Chocolate buttermilk cake crowned with chocolate pecan fudge icing makes this one legendary Texas sweet. Use dutched processed cocoa (like Droste) for a moist, flavorful cake.
2 cups all purpose flour, sifted (260 gm)
2 cups sugar (200 gm)
1 teaspoon baking soda (7 gm)
1/2 teaspoon cinnamon (1 gm)
4 tablespoons cocoa (24 gm) (ie: Droste or Rodelle dutch processed)
2 sticks salted butter (226 gm)
1 cup water (240 ml)
1/2 cup buttermilk (120 ml)
2 large eggs, lightly beaten
1 teaspoon vanilla (5 ml)
1 stick salted butter (113 gm)
6 tablespoons milk (90 ml)
4 tablespoons cocoa, sifted (24 gm)
3 1/2 cups powdered sugar, sifted (16 oz/240 gm)
1 1/2 cups pecans, toasted and coarsely chopped (240 gm)
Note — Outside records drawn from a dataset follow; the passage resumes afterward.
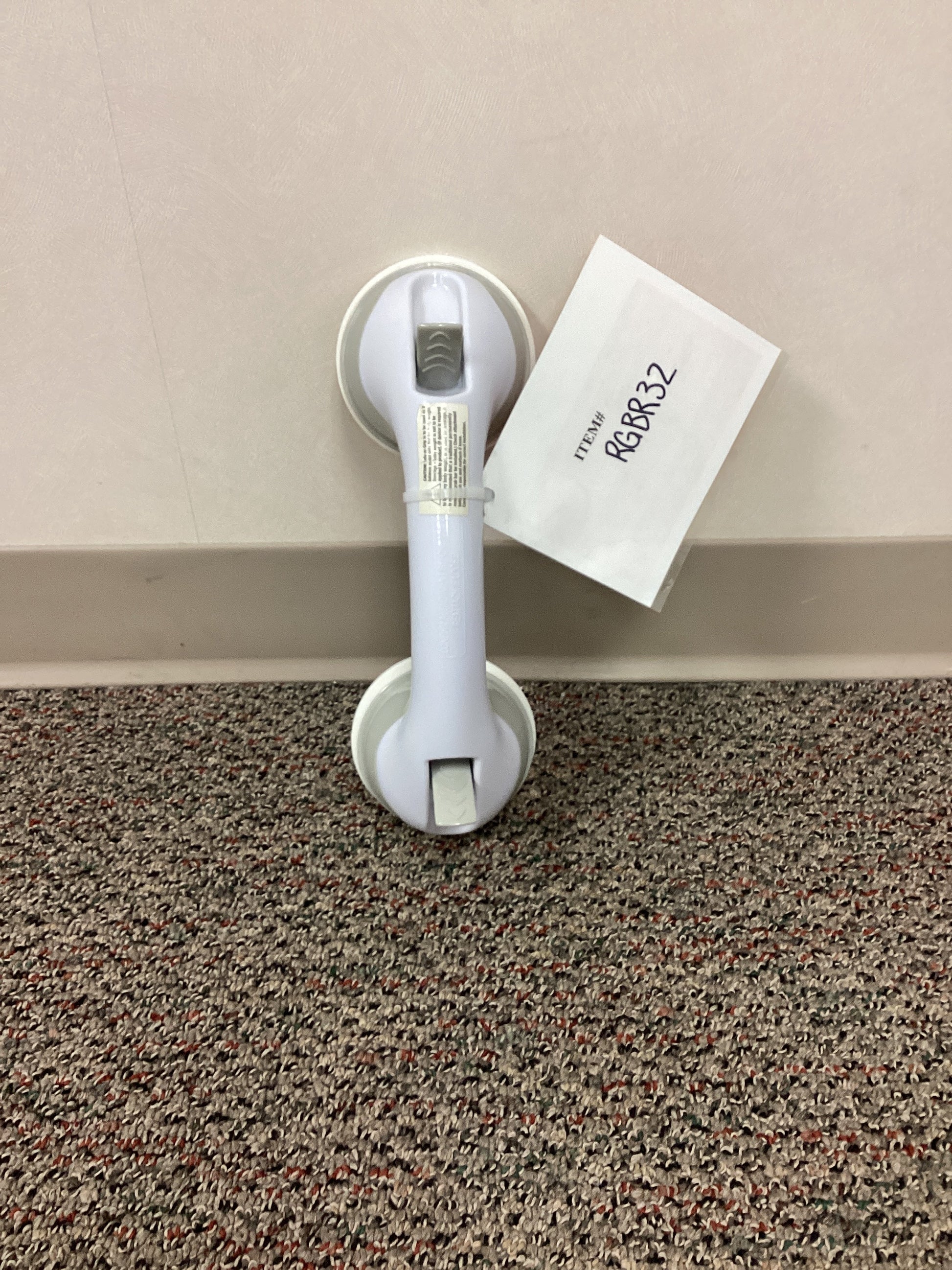 MHI brand white/grey grab bar with suction grip and textured rubber on handle for better grip. This grab bar is 11.5" long and the suction cups are 4" in diameter.
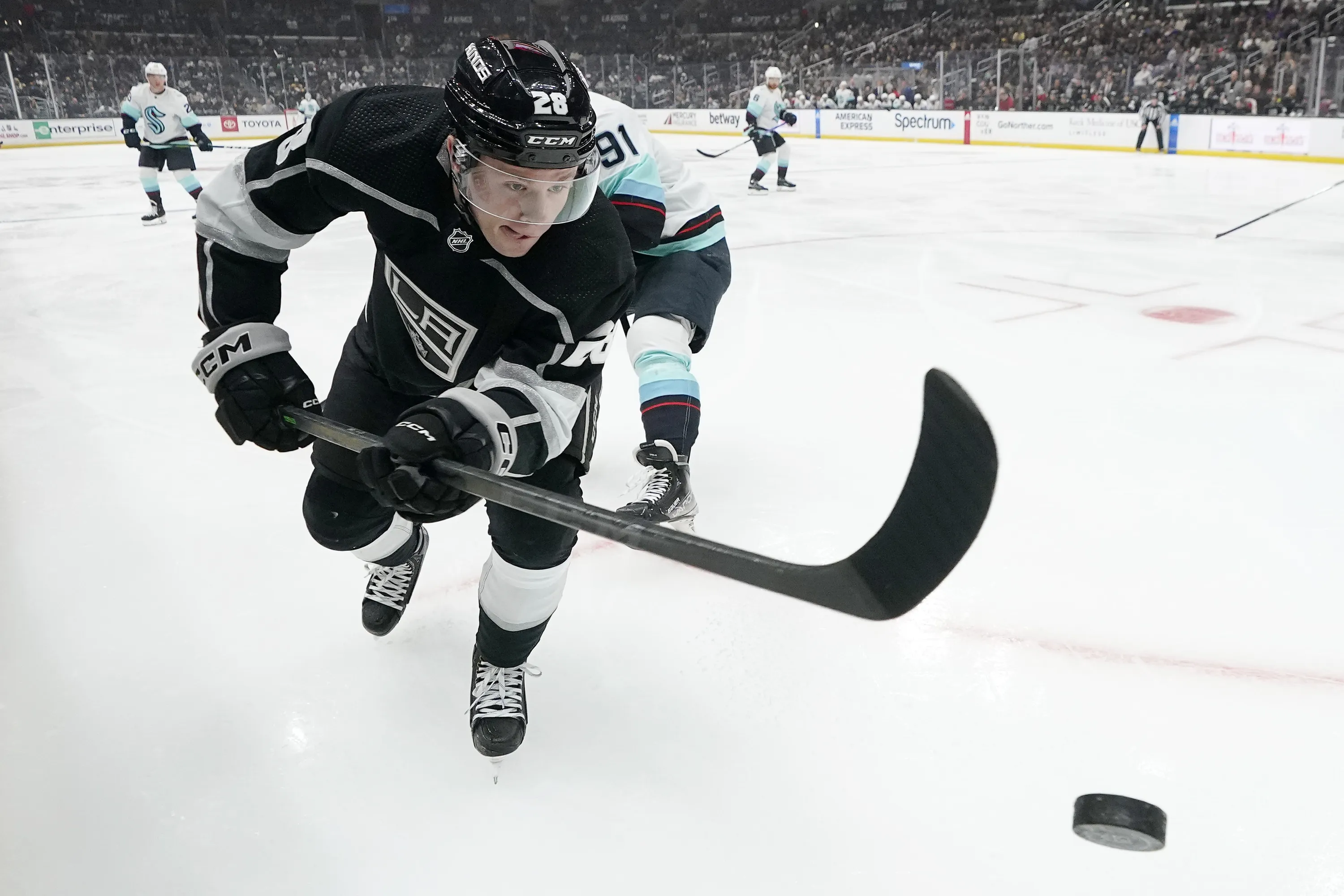 Los Angeles Kings center Jaret Anderson-Dolan, left, chases the puck while under pressure from Seattle Kraken right wing Daniel Sprong during the third period of an NHL hockey game Tuesday, November 29, 2022, in Los Angeles. (Photo by Mark J. Terrill/AP Photo)
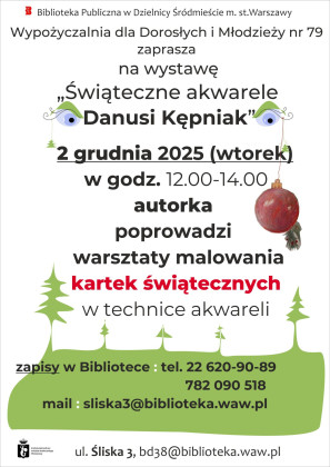 Wypożyczalnia dla Dorosłych i Młodzieży Nr 79 (ul. Śliska 3) zaprasza na wystawę "Świąteczne akwarele Danusi Kępniak".

Preheat oven to 375 F and grease a 9 x 13 brownie pan or 9 inch spring form pan. In a large bowl, stir together flour, cocoa, sugar, baking soda and cinnamon. Set aside. On stovetop or in microwave, melt butter with water. Add to dry ingredients and mix well. Blend in buttermilk, vanilla and eggs. Pour into pan and bake: 30-35 minutes for brownie pan and 45 minutes for round springform pan.
Five minutes before cake is ready, prepare frosting: In a medium saucepan or microwave safe bowl, heat together butter, milk and cocoa. Stir in remaining ingredients. Pour evenly all over warm cake. Using a rubber spatula, quickly smooth top before frosting hardens.
When cool, wrap tightly with plastic wrap. Lasts at room temperature up to 5 days.
Family recipe lovingly rewritten from my grandmother Muzzy’s original Texas Pecan Sheet Cake.